[[ Input for this task open ]]
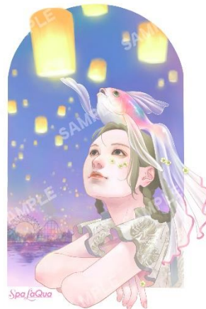
「Wish upon a floating」 © natsukoehizen 2024
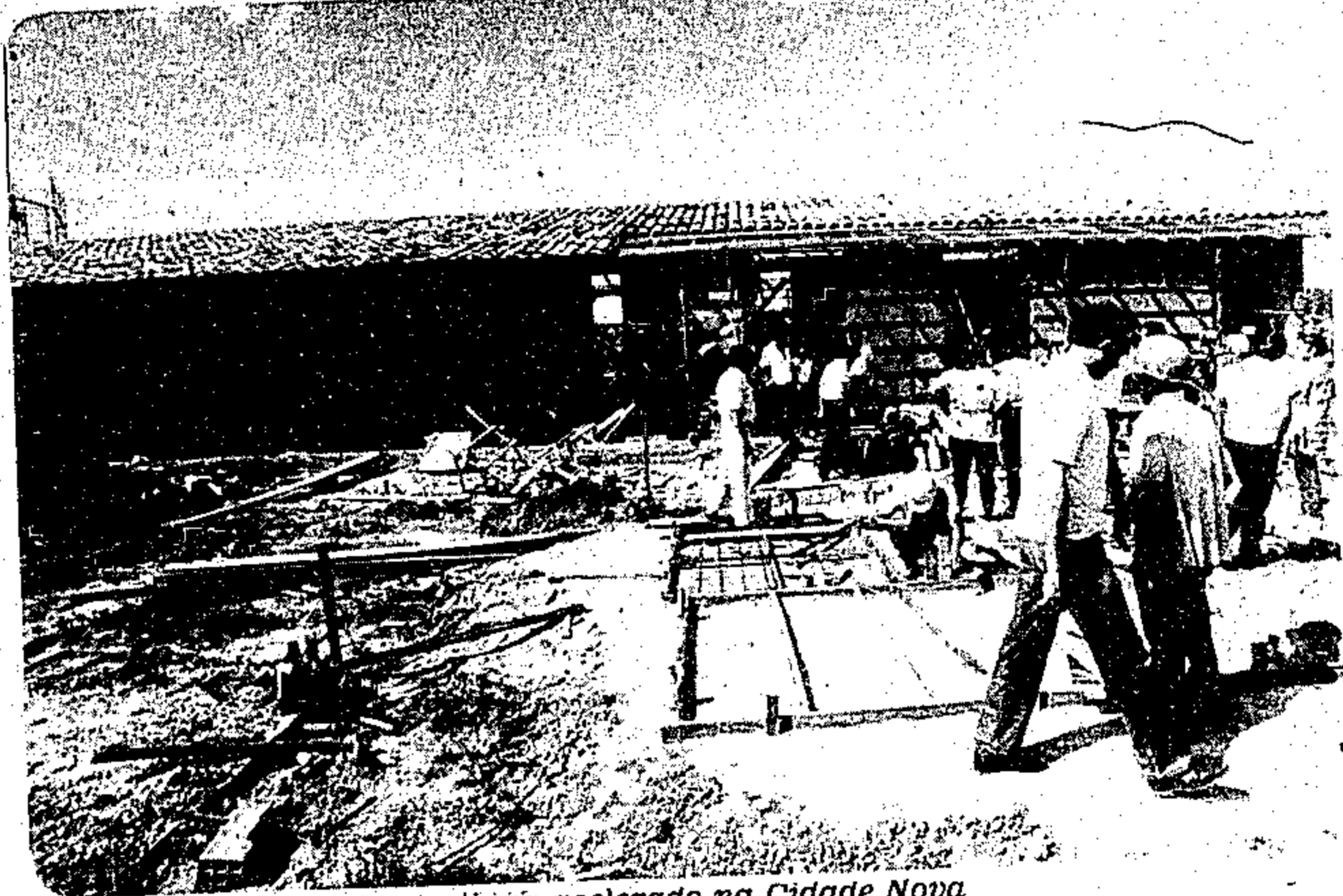
O ritmo de construção continua acelerado na Cidade Nova

A Cohab iniciou em dezembro contatos com prefeituras do interior para a construção de 500 casas do Projeto Ficom IV - Programa de Financiamento para Construção, Aquisição e Melhoria da Habitação de Interesse Social conforme autorização recebida do diretor de programas habitacionais do Banco Nacional de Habitação, Antonio Esmeraldo Neto. De acordo com Salomão Elgrably, coordenador do Ficom, é mais um passo rumo à interiorização da
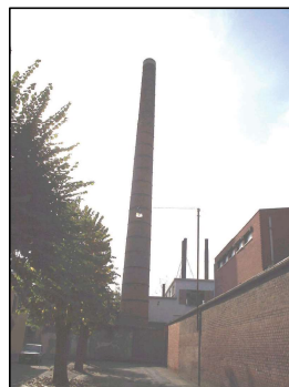
CIMINIERA (ora in parte demolita)
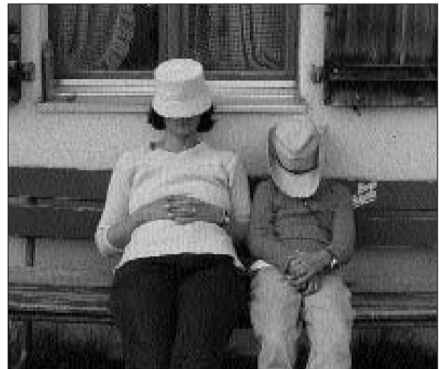
La redacziun sin viadi spetga il taxi en l'Alp Quadras.
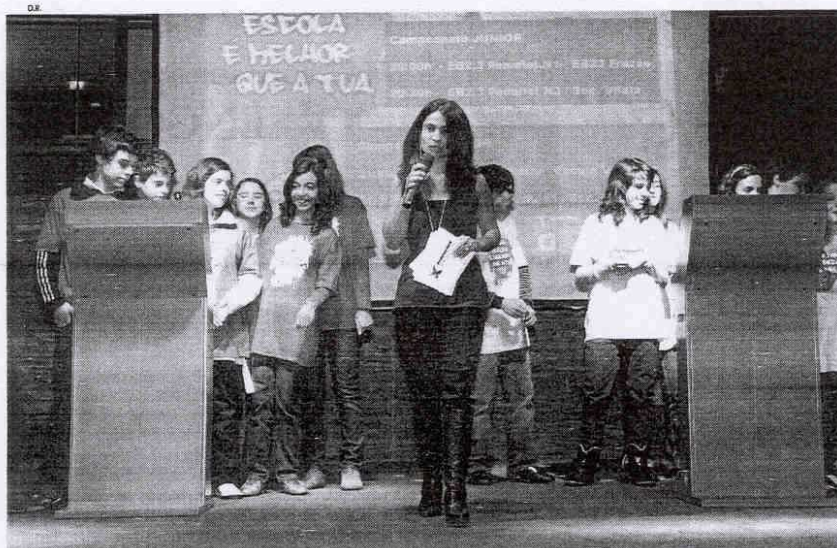
CONCURSO: Escolas animam o Ferrara Plaza

A liberdade de expressão é total, dentro dos limites legais.
[[ Input for this task closed ]]
What is required - Print the material above verbatim except the pictures.

Task result -
「Wish upon a floating」 © natsukoehizen 2024
O ritmo de construção continua acelerado na Cidade Nova

A Cohab iniciou em dezembro contatos com prefeituras do interior para a construção de 500 casas do Projeto Ficom IV - Programa de Financiamento para Construção, Aquisição e Melhoria da Habitação de Interesse Social conforme autorização recebida do diretor de programas habitacionais do Banco Nacional de Habitação, Antonio Esmeraldo Neto. De acordo com Salomão Elgrably, coordenador do Ficom, é mais um passo rumo à interiorização da
CIMINIERA (ora in parte demolita)
La redacziun sin viadi spetga il taxi en l'Alp Quadras.
CONCURSO: Escolas animam o Ferrara Plaza

A liberdade de expressão é total, dentro dos limites legais.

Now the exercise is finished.